後継候補のハリス氏へトランプ陣営が警戒強める4つの理由、“形勢逆転”はあるのか?

2024.07.24 Wedge ONLINE

 バイデンからハリスへ――。党大会を終え「トランプ再選」に向けて高揚感に包まれつつあった米共和党陣営では、民主党候補が急遽、ハリス副大統領に差し替えの公算が濃厚になったことを受け、一転、警戒感が高まっている。

大統領選から撤退したバイデン大統領が後継指名したカマラ・ハリス副大統領(Chris duMond / gettyimages)

順調な滑り出しの“ハリス陣営”

 「ハリス・チームは驚くほど迅速に民主党候補として申し分のないスタートを切った。各州の民主党事務所にはやる気満々の支援者たちからの電話がひっきりなしにかかってきており、まるでロケット・スタートの感がある」。バイデン撤退の後を受け、直ちに出馬表明したばかりのカマラ・ハリス副大統領と電話で話したというマーク・ポーカン下院議員(ウィスコンシン州)は21日夜、政治メディア「The Hill」にこう語った。

 「The Hill」によると、ハリス氏はすでに、ポーカン議員のほか親しい議員の何人かに出馬の意向を伝えたほか、議会民主党の3つの要の連合組織とされる「議会進歩連合」「議会ヒスパニック連合」「新民主党連合」のそれぞれの委員長にもコンタクトし、3委員長から「全面支援」の確約をとりつけたという。
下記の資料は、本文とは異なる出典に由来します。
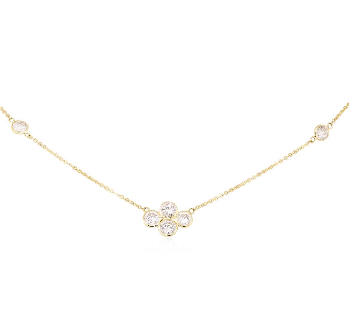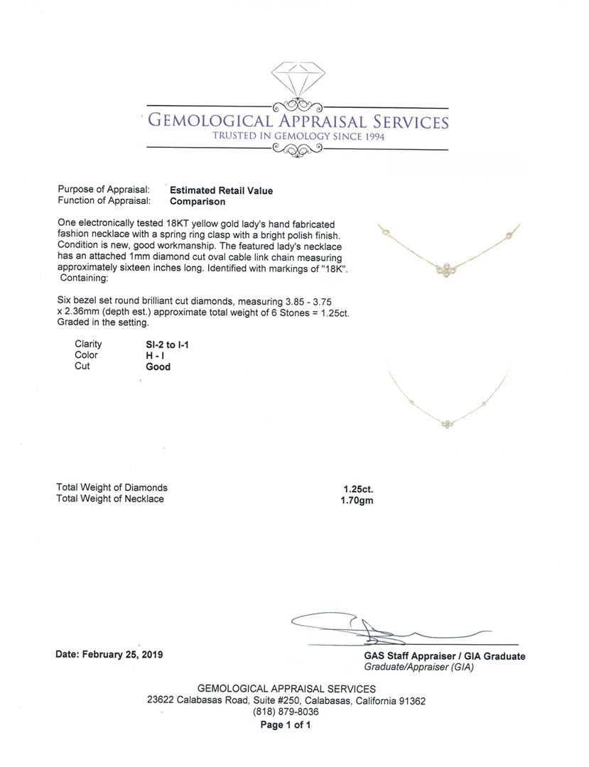One electronically tested 18KT yellow gold lady's hand fabricated fashion necklace with a spring ring clasp with a bright polish finish. The featured lady's necklace has an attached 1mm diamond cut oval cable link chain measuring approximately sixteen inches long. Identified with markings of '18K'. Condition is new, good workmanship. Containing: Six bezel set round brilliant cut diamonds, measuring 3.85 - 3.75 x 2.36mm (depth est.) approximate total weight of 6 Stones = 1.25ct. Graded in the setting. Color H - I, Clarity SI-2 to I-1, Cut Good. Total Weight of Diamonds 1.25ct. Total Weight of Necklace 1.70gm. GAS Appraised.

 ハリス氏が正式に民主党候補に確定するには、8月19日から始まる民主党全国大会での代議員による最終投票を待つ必要があるが、ハリス側近たちの間では、すでに本選に向けて順調な滑り出しを切ったと判断されている。

早くもトランプが口撃

 これに対し、迎え撃つトランプ陣営は警戒を強めつつある。

 バイデン氏がトランプ氏とのTV討論会で大失態を演じて以来、米マスコミ界では、「バイデン撤退不可避」とみて、民主党の代わりの有力候補として、ハリス氏のほか、グレッチェン・ホイットマー・ミシガン州知事、J.B.プリツカー・イリノイ州知事、ジョシュ・シャピロ・ペンシルベニア州知事、ギャビン・ニューサム・カリフォルニア州知事らに関心が集まりつつあった。

 しかし、NBCテレビが21日、流したニュース解説によると、トランプ選対本部はTV討論会直後から、ハリス氏に焦点をしぼり、ハリス副大統領の“失政ぶり”についての材料集めや、バイデン氏の代替候補となった場合の攻撃作戦について協議を重ねてきたという。

 トランプ氏自身も、共和党候補として正式指名された党大会直後の去る19日(バイデン撤退発表の前日)、ミシガン州グランドラピッズでの選挙集会で演説し、とくにハリス氏の名前を挙げて「バイデン失政の尻ぬぐい役」などと酷評している。

 トランプ氏の子息、トランプ・ジュニアも17日の党大会演説の中で、ハリス氏に言及し「彼女はバイデン以上に思想的にリベラルであり、能力的にも劣る」と批判した。

 こうした動きは、逆説的に、共和党陣営が、ハリス氏がバイデン氏より手ごわい相手であるとして警戒視していることを示すものと言えよう。

 ではなぜ、ハリス候補に対する警戒が強まりつつあるのか。おもに4つの理由が挙げられよう。

戦略の練り直し

 第一に、「老いぼれジョー(バイデン氏の蔑称)VS闘志みなぎるトランプ」の対比がもはや通用しなくなり、逆に今度は「若さと才気あふれるハリス(59歳) VS 高齢(79歳)で新鮮味のないトランプ」の対決となり、トランプ氏が不利に立たされかねない点がある。

 この点について、CNNテレビの報道によると、共和党選対本部は、トランプ氏が圧倒的に優位に立ったTV討論会後も、バイデン氏が撤退要求の逆風をはねのけ、最終的に党大会で指名されることを前提として、バイデン氏とトランプ氏との違いを浮き立たせる戦術やTV選挙広告作成にとりかかってきたことを明らかにするとともに、「今となっては選挙コマーシャルなどは一からやり直さなければならない」と語ったと伝えられている。